The Food and Social Justice Initiative aims to put fairness and human rights at the heart of efforts to promote sustainable food and farming. Through this initiative we want to make it impossible to talk credibly about food policy, public health and/or sustainable food without putting social justice at centre stage. The initiative will run until June 2010.

The food and drink sector in the United Kingdom turns over £172bn a year, accounts for 7% of national output, employs 3.7 million people and encompasses the UK’s largest manufacturing industry as well as its farms and fisheries. It feeds 61 million of us, probably more adequately and more reliably, and certainly with more variety, than we have ever been fed before.

But, for all its effectiveness, this system is unsustainable. Here in the UK it is environmentally damaging, resource hungry, inequitable and heavily dependent on a ‘flexible’, low-wage workforce. The UK food system is inextricably dependent on global supplies of cheap labour, raw materials and finished imports, as well as on the land and water located elsewhere that are used to produce our food. This global reach enables us to export many of the negative impacts to countries with lower standards of worker, animal and environmental protection than apply in Europe. Moreover, while one billion people worldwide do not have enough to eat, another billion are obese: in other words, even in crude calorific terms one third of the planet’s population is ill-served by existing food systems.

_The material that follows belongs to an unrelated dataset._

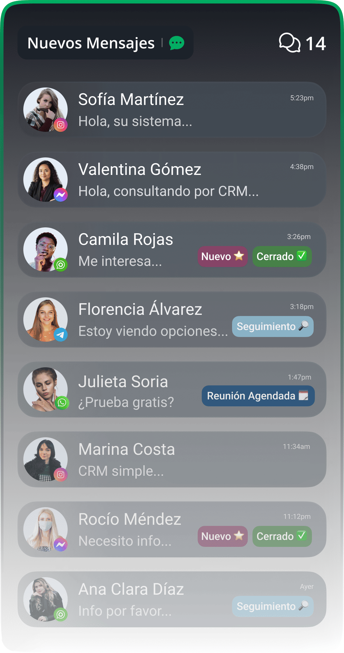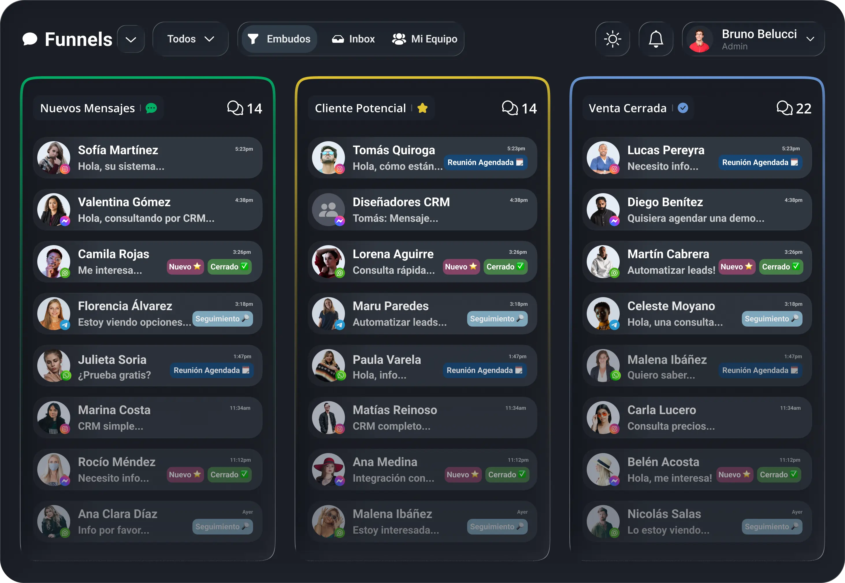 "Beast CRM unificó WhatsApp Business, Instagram DMs y Facebook Messenger. Ya no necesito saltar entre apps."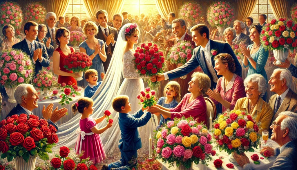 Here’s an image portraying joyful moments with people celebrating different occasions where roses take center stage. Each event is depicted warmly to highlight love, gratitude, and happiness.

The environmental challenge this presents is increasingly well understood, the focus of industry commitments, efficiency drives, regulatory measures and global agreements. The social consequences are also well-documented: they include rising levels of chronic, diet-related disease and malnutrition; unfair treatment for workers, sometimes ending in injury or death; and hardship for suppliers squeezed by lower prices yet asked for higher standards. But the social challenge – to build a food system that feeds people fairly and sustainably is often neglected.

It is this neglect that the Food and Justice Initiative seeks to address.